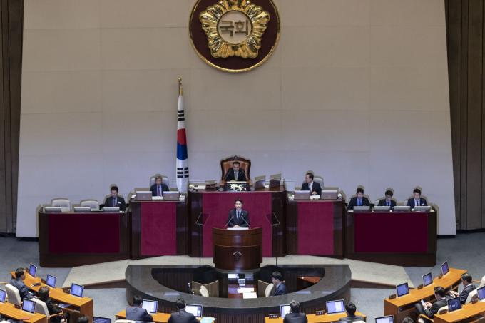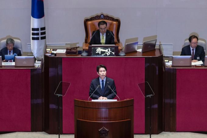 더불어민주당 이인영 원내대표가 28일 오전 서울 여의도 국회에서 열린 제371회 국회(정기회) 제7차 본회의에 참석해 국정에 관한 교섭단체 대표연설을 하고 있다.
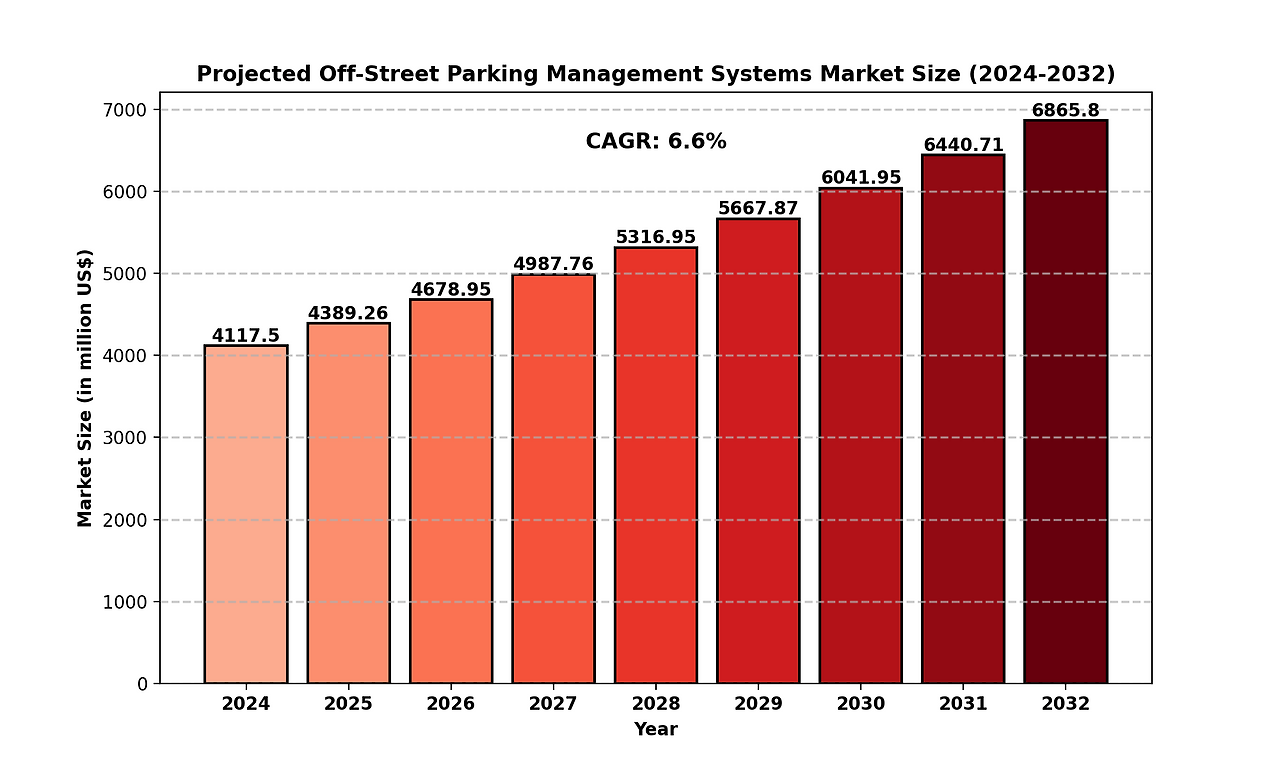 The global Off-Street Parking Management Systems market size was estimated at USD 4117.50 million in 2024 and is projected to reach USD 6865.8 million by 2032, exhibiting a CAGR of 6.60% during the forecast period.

***

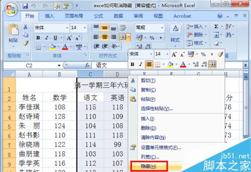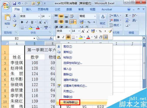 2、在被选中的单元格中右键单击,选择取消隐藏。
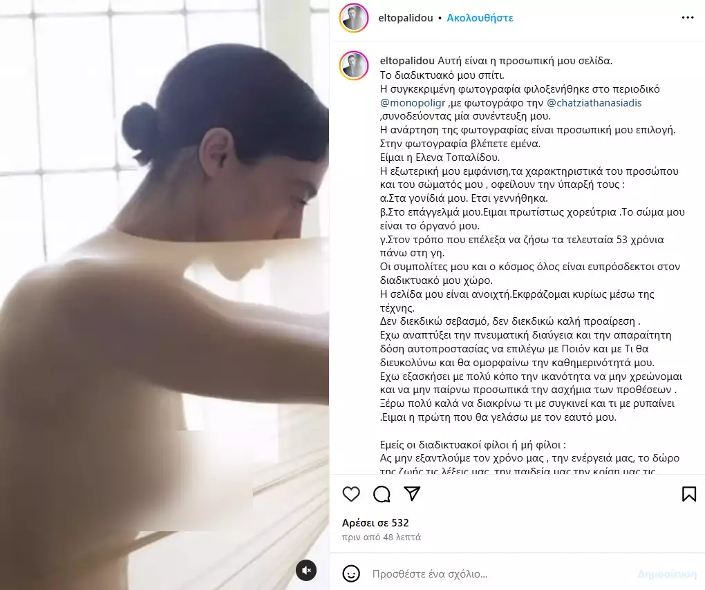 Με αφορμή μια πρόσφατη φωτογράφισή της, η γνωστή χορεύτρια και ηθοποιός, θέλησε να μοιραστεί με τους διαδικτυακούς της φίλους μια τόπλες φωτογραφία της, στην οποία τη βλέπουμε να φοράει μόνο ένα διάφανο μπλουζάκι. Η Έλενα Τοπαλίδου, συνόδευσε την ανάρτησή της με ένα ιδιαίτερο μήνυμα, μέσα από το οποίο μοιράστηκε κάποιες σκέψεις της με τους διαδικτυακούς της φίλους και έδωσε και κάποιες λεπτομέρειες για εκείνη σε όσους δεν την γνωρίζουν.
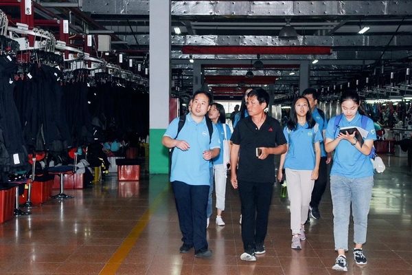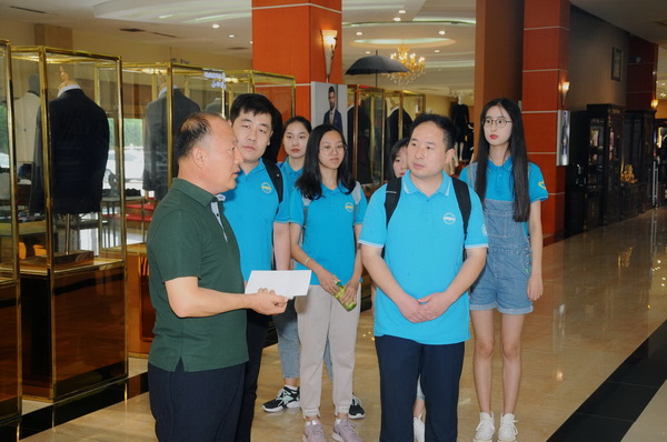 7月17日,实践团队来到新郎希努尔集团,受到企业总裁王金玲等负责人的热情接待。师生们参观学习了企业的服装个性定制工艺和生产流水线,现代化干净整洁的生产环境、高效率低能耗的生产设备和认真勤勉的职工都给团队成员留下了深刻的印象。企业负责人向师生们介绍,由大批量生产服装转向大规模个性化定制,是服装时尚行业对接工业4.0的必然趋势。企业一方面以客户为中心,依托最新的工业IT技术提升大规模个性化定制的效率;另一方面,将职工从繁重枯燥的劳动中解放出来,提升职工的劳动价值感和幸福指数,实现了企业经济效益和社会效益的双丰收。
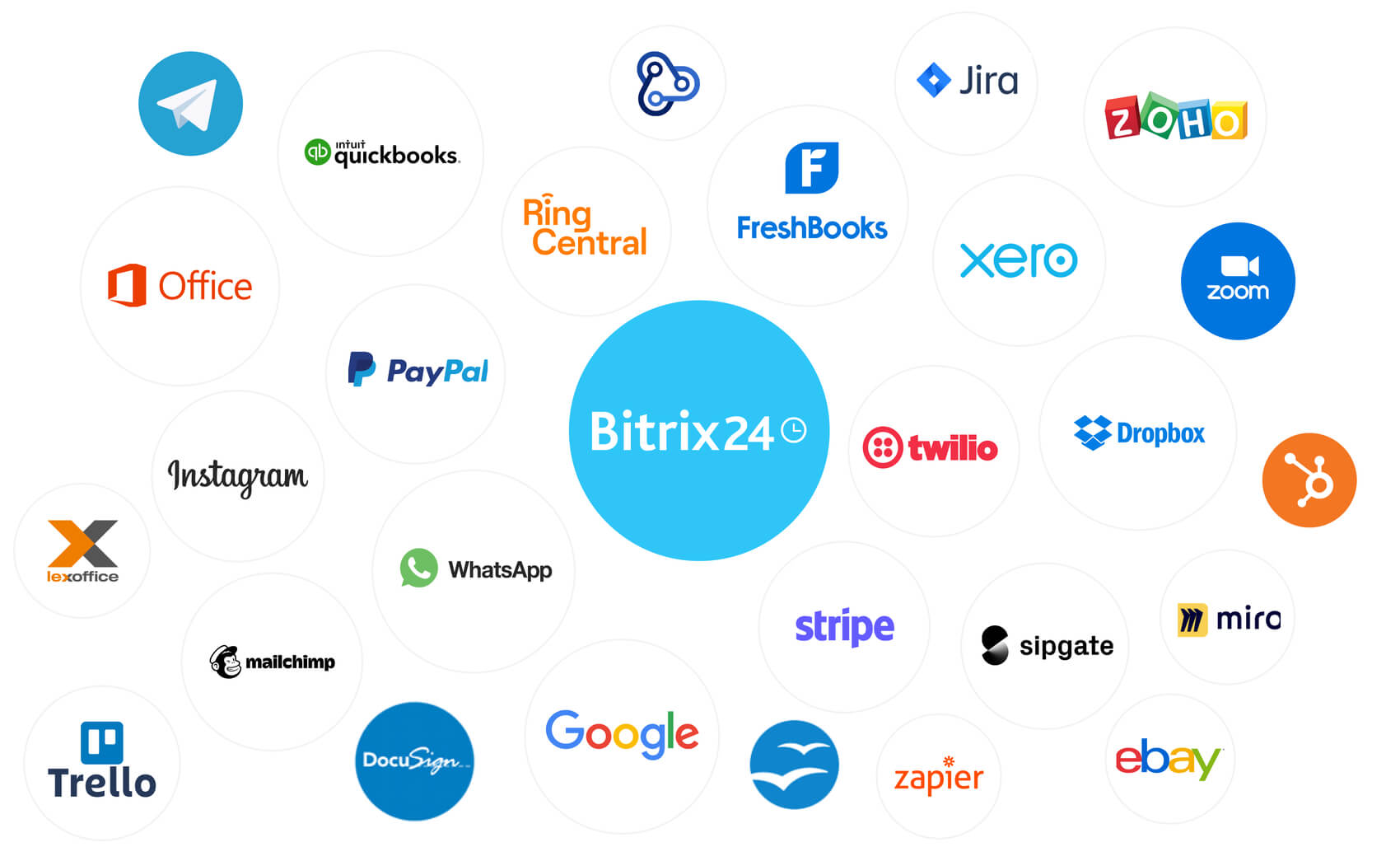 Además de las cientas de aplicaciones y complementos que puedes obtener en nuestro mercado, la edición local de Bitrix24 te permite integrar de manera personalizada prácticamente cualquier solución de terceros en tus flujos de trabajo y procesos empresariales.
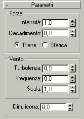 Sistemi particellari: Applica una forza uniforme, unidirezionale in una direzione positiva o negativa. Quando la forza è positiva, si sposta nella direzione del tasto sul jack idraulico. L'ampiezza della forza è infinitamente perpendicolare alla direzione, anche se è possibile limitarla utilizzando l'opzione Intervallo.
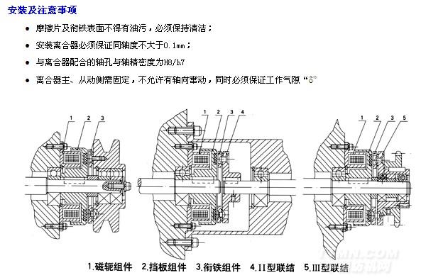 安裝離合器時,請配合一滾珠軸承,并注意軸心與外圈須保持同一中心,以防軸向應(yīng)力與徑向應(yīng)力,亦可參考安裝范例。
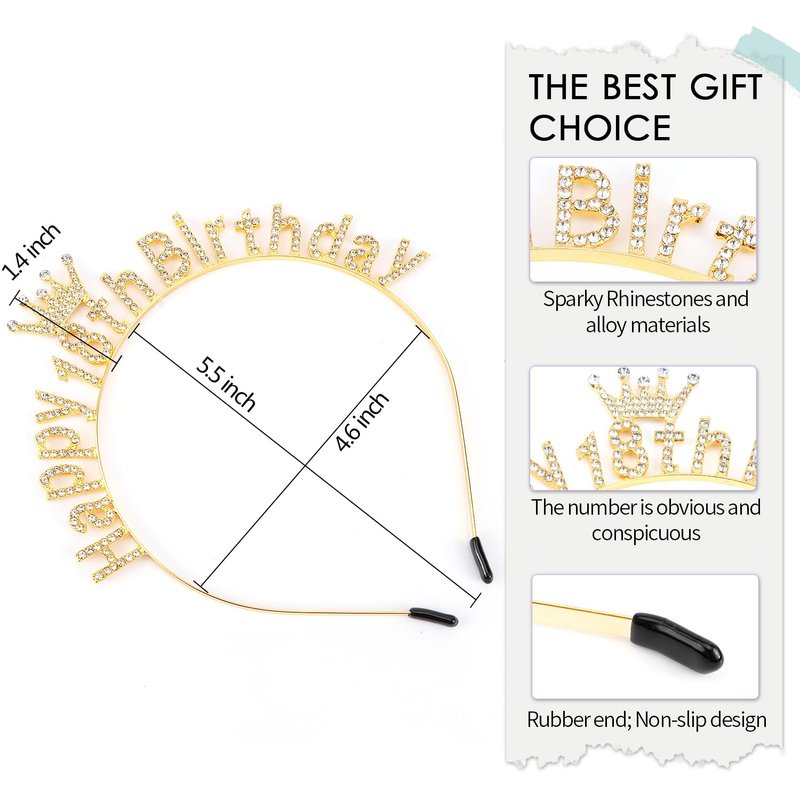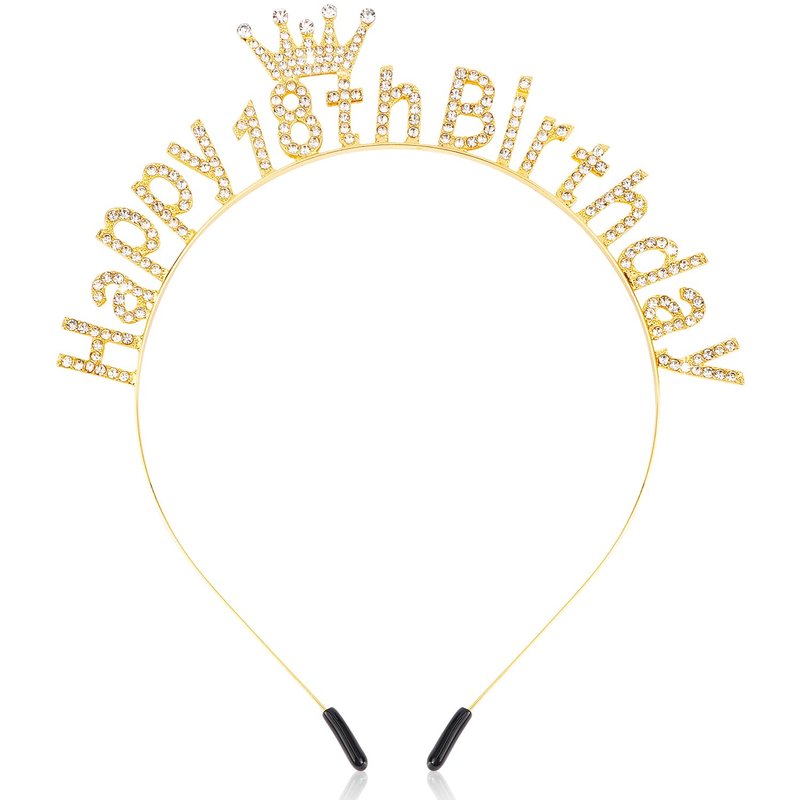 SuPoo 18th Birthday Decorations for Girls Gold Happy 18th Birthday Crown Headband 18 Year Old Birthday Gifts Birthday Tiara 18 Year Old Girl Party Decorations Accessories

***

Task description
Go to the line above that contains "더불어민주당 이인영 원내대표가" and reproduce everything exactly from there through the line that contains "The global Off-Street", leaving out the pictures.

Solution to the exercise
 더불어민주당 이인영 원내대표가 28일 오전 서울 여의도 국회에서 열린 제371회 국회(정기회) 제7차 본회의에 참석해 국정에 관한 교섭단체 대표연설을 하고 있다.
 The global Off-Street Parking Management Systems market size was estimated at USD 4117.50 million in 2024 and is projected to reach USD 6865.8 million by 2032, exhibiting a CAGR of 6.60% during the forecast period.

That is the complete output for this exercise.